Are @ayzhao 's and @efriedma 's comments addressed?

sushgokh added a comment.EditedMay 23 2023, 10:07 PM

@ayzhao issue addressed.
@efriedma's issue needs to addressed separately in other pass(if need be) but I don't think this issue will result in performance regression.

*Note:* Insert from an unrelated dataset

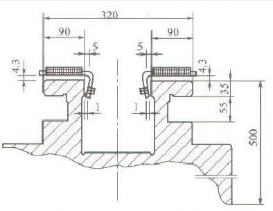 a.感應(yīng)器及與導(dǎo)軌的間隙如圖2-34所示,為使淬火導(dǎo)軌表面加熱及溫度均勻,分別在感應(yīng)器預(yù)熱圈和加熱圈粘相同數(shù)量的導(dǎo)磁體。為避免導(dǎo)軌棱角處燒損,應(yīng)將此處鐵屑、油污等清理干凈,并去毛刺,將棱角處適當(dāng)?shù)光g。b.為減少淬火后的導(dǎo)軌下凹變形,上導(dǎo)軌面淬火前加工成中間上凸0.20~0.25mm

nickdesaulniers accepted this revision.May 24 2023, 11:37 AM
This revision is now accepted and ready to land.May 24 2023, 11:37 AM
nickdesaulniers requested changes to this revision.May 24 2023, 11:38 AM
nickdesaulniers added inline comments.
llvm/test/CodeGen/AArch64/dont-shrink-wrap-stack-mayloadorstore.s
1 ↗(On Diff #522416)

There's a presubmit failure that this newly added test is missing a RUN line.

This revision now requires changes to proceed.May 24 2023, 11:38 AM
This revision was not accepted when it landed; it landed in state Needs Revision.May 25 2023, 1:27 AM
This revision was landed with ongoing or failed builds.
This revision was automatically updated to reflect the committed changes.
sushgokh marked an inline comment as done.EditedMay 25 2023, 1:30 AM

I submitted the patch without checking that the patch needs revision. I got confused by back to back accept followed by revision request. Apology.

But I have removed the file accidently added

llvm/test/CodeGen/AArch64/dont-shrink-wrap-stack-mayloadorstore.s
1 ↗(On Diff #522416)

I had added that by mistake(git add -A). Apologies.